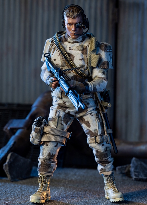 全高約12センチ級となる1/18スケールながら、細部まで再現された造型とペイントで人気だった上海ハイヤトイズの「エクスクイジットミニシリーズ」。今度は1/18から1/12にスケールアップした「エクスクイジットスーパーシリーズ」をスタートさせます。『ユニバーサルソルジャー』からアンドリュー・スコットがラインナップ!ドルフ・ラングレンが演じたスコットには差し替え頭部が2種(計3種)が付属し、お好みで差し替えが可能。若き日のドルフ、やはりイケメン。デザートイーグル、M60、MP5K-SMGなどの武器の他、印象的なヘッドセットなどアクセサリー多数で、劇中シーンでのディスプレイが楽しめます。
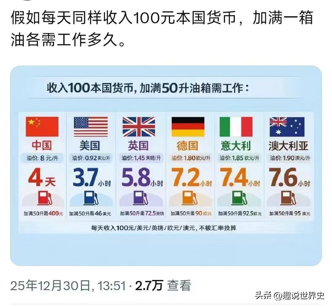 你知道吗? 假如每天同样收入100元本国货币,加满一箱油各需工作多久…普通人一天收入 国民基本收入
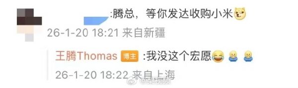 面对“等你发达收购小米”的调侃,王腾直言:“我没这个宏愿【哭笑】。”
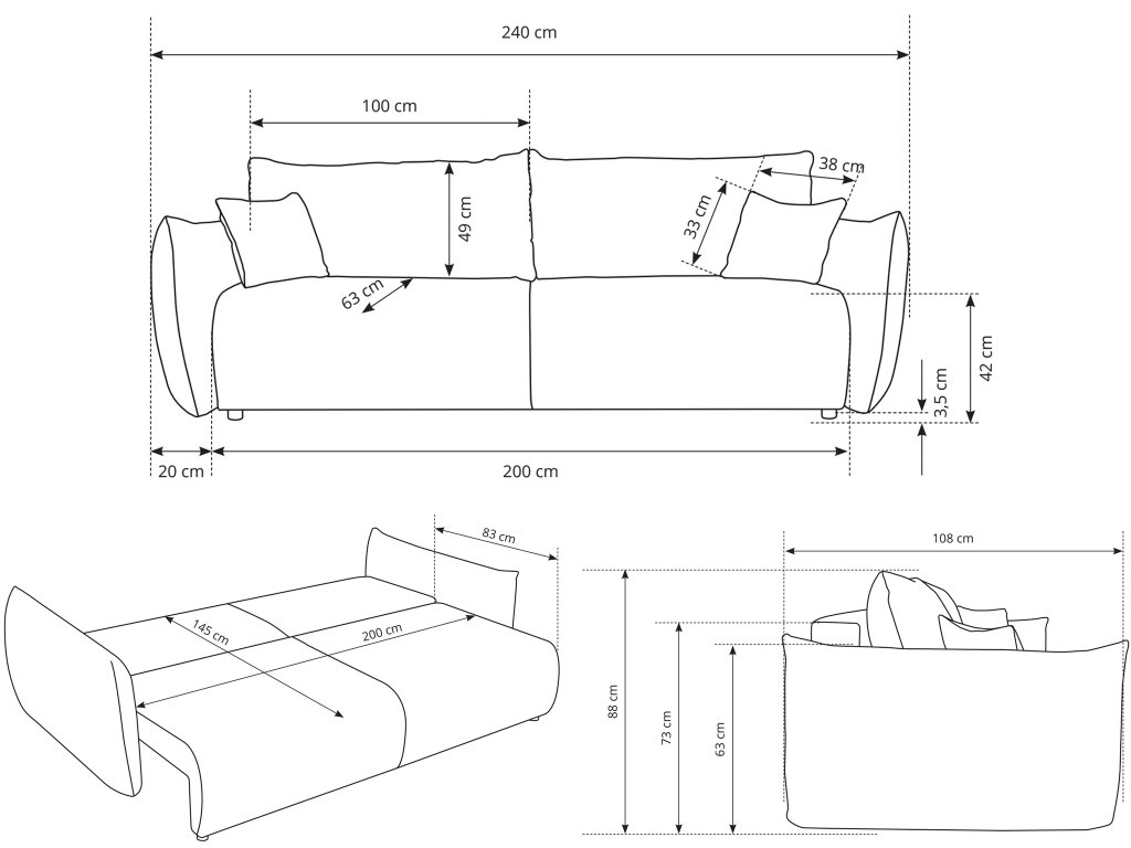 - Rozmer (šxvxh): 240 x 88 x 108 cm
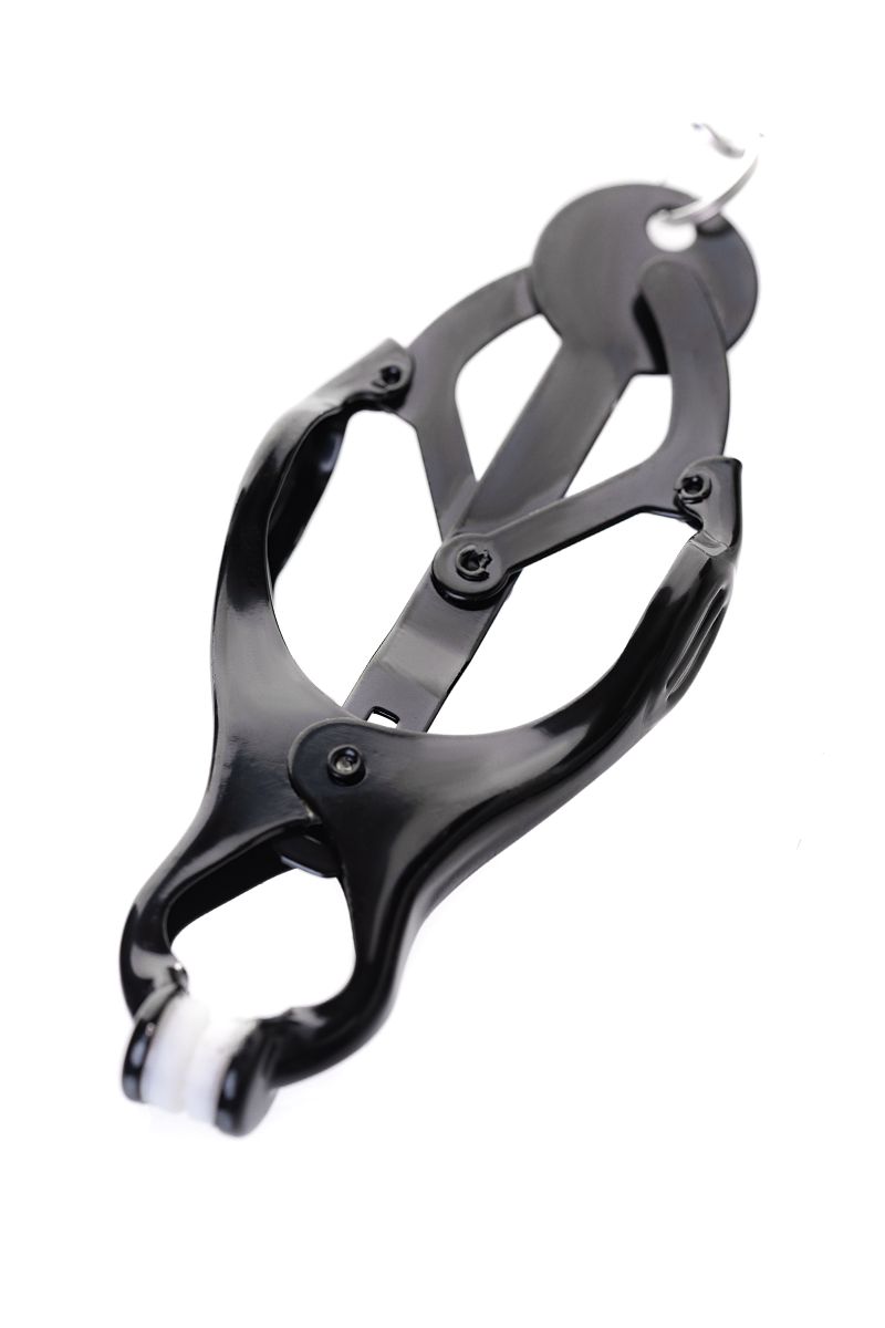 Мужская версия зажимов для воздействия на соски. Конструкция с пружинным механизмов - один из самых жестких вариантов. Дополнительное ограничение свободы обеспечивает мягкое кольцо на пенис. Длина сцепки - 48,5 см. Длина зажимов - 9 см. Диаметр кольца - 3,5 см.
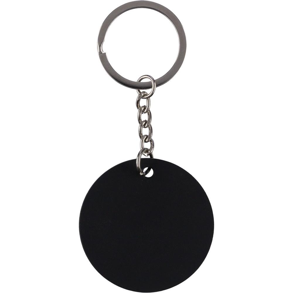 Okrągły brelok do kluczy, ikona recyklingu na produkcie, zapakowany w kraftową kopertę, produkt wykonany ze stali nierdzewnej z recyklingu
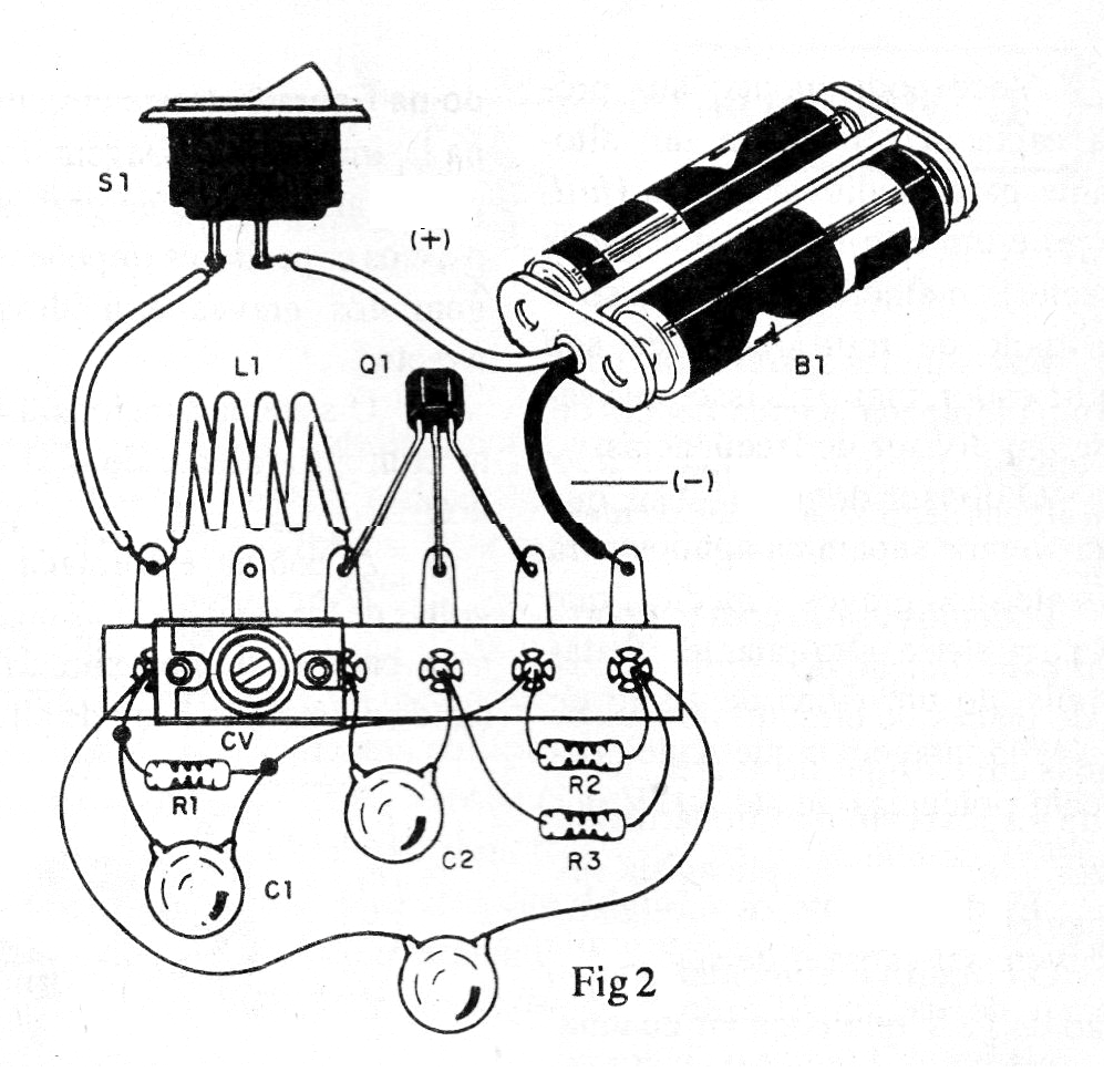 La bobina está formada por 3 o 4 espiras de hilo común con un diámetro de 1 cm sin núcleo. El trimmer antiguo de porcelana, mostrado en la figura 2, puede ser sustituido por un tipo moderno de plástico y su valor no es crítico, pudiendo quedar entre 15 y 40 pF de capacitancia máxima.
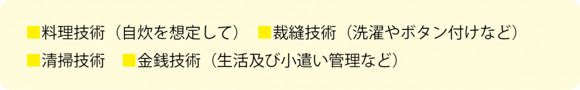 将来自活できるよう、生活技術を高める研修を行ないます。
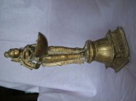 | Description / विवरण | Deep Sachika Woman with a lamp standing on a pedestal base with engraved decorations. The woman is long legged wearing a decorated dhoti like cloth and jewelleries holding a big dia lamp with both of her hands. |
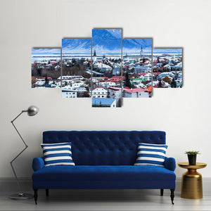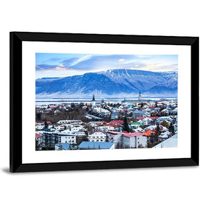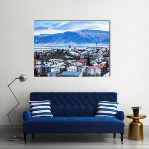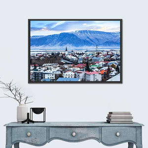 This realistic canvas art captures the serene cityscape of Reykjavik, showcasing colorful rooftops set against vast snow-capped mountains and a tranquil sky. Ideal for bringing a touch of Icelandic beauty to your space.
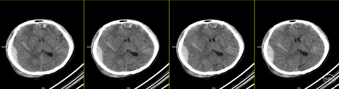 查体:嗜睡-昏睡状态,精神差,刺激睁眼,简单应答,肢体活动简单从嘱。GCS13分。双侧瞳孔等大等圆,直径2.5mm,对光反射灵敏,伸舌欠合作。转头、耸肩欠合作,四肢肌力4级,肌张力正常,颈抵抗(+),双Babinski sign未引出。枕部可见约5*4cm皮下血肿,压痛,拒按。周身多发片状皮肤擦伤。颅脑CT:双侧额叶脑挫裂伤;右侧顶颞枕部硬膜外、硬膜下血肿;蛛网膜下腔出血;右侧颞骨骨折累及右侧人字缝、顶乳缝,右侧顶乳缝旁小骨片;头皮软组织损伤、局部皮下血肿;双肺挫伤可能。
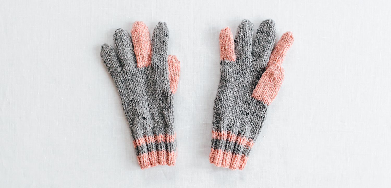 シンプルな編み方のてぶくろです。5本指に初挑戦の方にもおすすめです。
★ ★ ★ ★ ★ ★ ★
INSTRUCTIONS TO FOLLOW →
In the copy, leave out the pictures and restate the records exactly.

WRITTEN SOLUTION →
 全高約12センチ級となる1/18スケールながら、細部まで再現された造型とペイントで人気だった上海ハイヤトイズの「エクスクイジットミニシリーズ」。今度は1/18から1/12にスケールアップした「エクスクイジットスーパーシリーズ」をスタートさせます。『ユニバーサルソルジャー』からアンドリュー・スコットがラインナップ!ドルフ・ラングレンが演じたスコットには差し替え頭部が2種(計3種)が付属し、お好みで差し替えが可能。若き日のドルフ、やはりイケメン。デザートイーグル、M60、MP5K-SMGなどの武器の他、印象的なヘッドセットなどアクセサリー多数で、劇中シーンでのディスプレイが楽しめます。
 你知道吗? 假如每天同样收入100元本国货币,加满一箱油各需工作多久…普通人一天收入 国民基本收入
 面对“等你发达收购小米”的调侃,王腾直言:“我没这个宏愿【哭笑】。”
 - Rozmer (šxvxh): 240 x 88 x 108 cm
 Мужская версия зажимов для воздействия на соски. Конструкция с пружинным механизмов - один из самых жестких вариантов. Дополнительное ограничение свободы обеспечивает мягкое кольцо на пенис. Длина сцепки - 48,5 см. Длина зажимов - 9 см. Диаметр кольца - 3,5 см.
 Okrągły brelok do kluczy, ikona recyklingu na produkcie, zapakowany w kraftową kopertę, produkt wykonany ze stali nierdzewnej z recyklingu
 La bobina está formada por 3 o 4 espiras de hilo común con un diámetro de 1 cm sin núcleo. El trimmer antiguo de porcelana, mostrado en la figura 2, puede ser sustituido por un tipo moderno de plástico y su valor no es crítico, pudiendo quedar entre 15 y 40 pF de capacitancia máxima.
 将来自活できるよう、生活技術を高める研修を行ないます。
 | Description / विवरण | Deep Sachika Woman with a lamp standing on a pedestal base with engraved decorations. The woman is long legged wearing a decorated dhoti like cloth and jewelleries holding a big dia lamp with both of her hands. |
 This realistic canvas art captures the serene cityscape of Reykjavik, showcasing colorful rooftops set against vast snow-capped mountains and a tranquil sky. Ideal for bringing a touch of Icelandic beauty to your space.
 查体:嗜睡-昏睡状态,精神差,刺激睁眼,简单应答,肢体活动简单从嘱。GCS13分。双侧瞳孔等大等圆,直径2.5mm,对光反射灵敏,伸舌欠合作。转头、耸肩欠合作,四肢肌力4级,肌张力正常,颈抵抗(+),双Babinski sign未引出。枕部可见约5*4cm皮下血肿,压痛,拒按。周身多发片状皮肤擦伤。颅脑CT:双侧额叶脑挫裂伤;右侧顶颞枕部硬膜外、硬膜下血肿;蛛网膜下腔出血;右侧颞骨骨折累及右侧人字缝、顶乳缝,右侧顶乳缝旁小骨片;头皮软组织损伤、局部皮下血肿;双肺挫伤可能。
 シンプルな編み方のてぶくろです。5本指に初挑戦の方にもおすすめです。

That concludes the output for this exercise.